About the order of a meromorphic function

Question

In Gunning's book, lectures on Riemann surfaces, the order of a meromorphic function is defined as the order of the first non-zero coefficient in Laurent series of the function. About this assertion, "the order of a meromorphic function f is non-zero only at a discrete set of points ", I don't understand the meaning, as we all know, locally a meromorphic function f is a quotient of two holomorphic functions, say f=g/h, so ord(f)=Z(h) where Z(h) is the zero set of h, Z(h) is non-zero only at a discrete set of points? There must be some wrong of my understanding. So where is the wrong ? Any help will be greatly appreciated. Thanks

Answer 1

By definition of a Riemann surface $X$ and a meromorphic function on $X$,

if $p \in X$ then there is a neighborhood $U $ of $p$ such that there is a local biholomorphism $\phi : U \to V \subset \mathbb{C}$, and $f$ is meromorphic at $p$ iff $f \circ \phi^{-1}$ is meromorphic at $\phi(p)$.

The order of the zero/pole of $f$ at $p$ is defined to be the order of $f \circ \phi^{-1}$ at $\phi(p)$ (this is consistent since the order of a zero or pole doesn't change under biholomorphic maps).
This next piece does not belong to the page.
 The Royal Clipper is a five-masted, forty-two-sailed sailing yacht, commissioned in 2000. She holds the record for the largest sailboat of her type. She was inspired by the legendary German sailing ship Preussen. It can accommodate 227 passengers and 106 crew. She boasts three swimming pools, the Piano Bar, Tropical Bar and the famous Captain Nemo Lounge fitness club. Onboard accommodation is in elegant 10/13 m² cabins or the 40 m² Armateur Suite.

Yes, the zeros and poles of a meromorphic function on $X$ are isolated (be careful with the definition of isolated : $0$ and $\infty \not \in\mathbb{C}^* $, that's why the zeros of $\sin(1/z)\sin(z)$ which is meromorphic on $\mathbb{C}^*$ can accumulate at $0$ and $\infty$).
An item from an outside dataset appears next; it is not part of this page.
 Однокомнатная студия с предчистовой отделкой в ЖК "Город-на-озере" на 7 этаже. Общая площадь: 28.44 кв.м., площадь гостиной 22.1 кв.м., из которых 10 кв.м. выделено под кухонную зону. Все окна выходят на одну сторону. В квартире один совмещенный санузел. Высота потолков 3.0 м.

That's why compact Riemann surfaces are much more restrictive : on those Riemann surfaces, there are no such "points" where the zero/poles can accumulate.

On Riemann surfaces, you can't say anymore that a meromorphic function is globally the quotient of two holomorphic functions (on a compact Riemann surface, there are no non-constant holomorphic functions).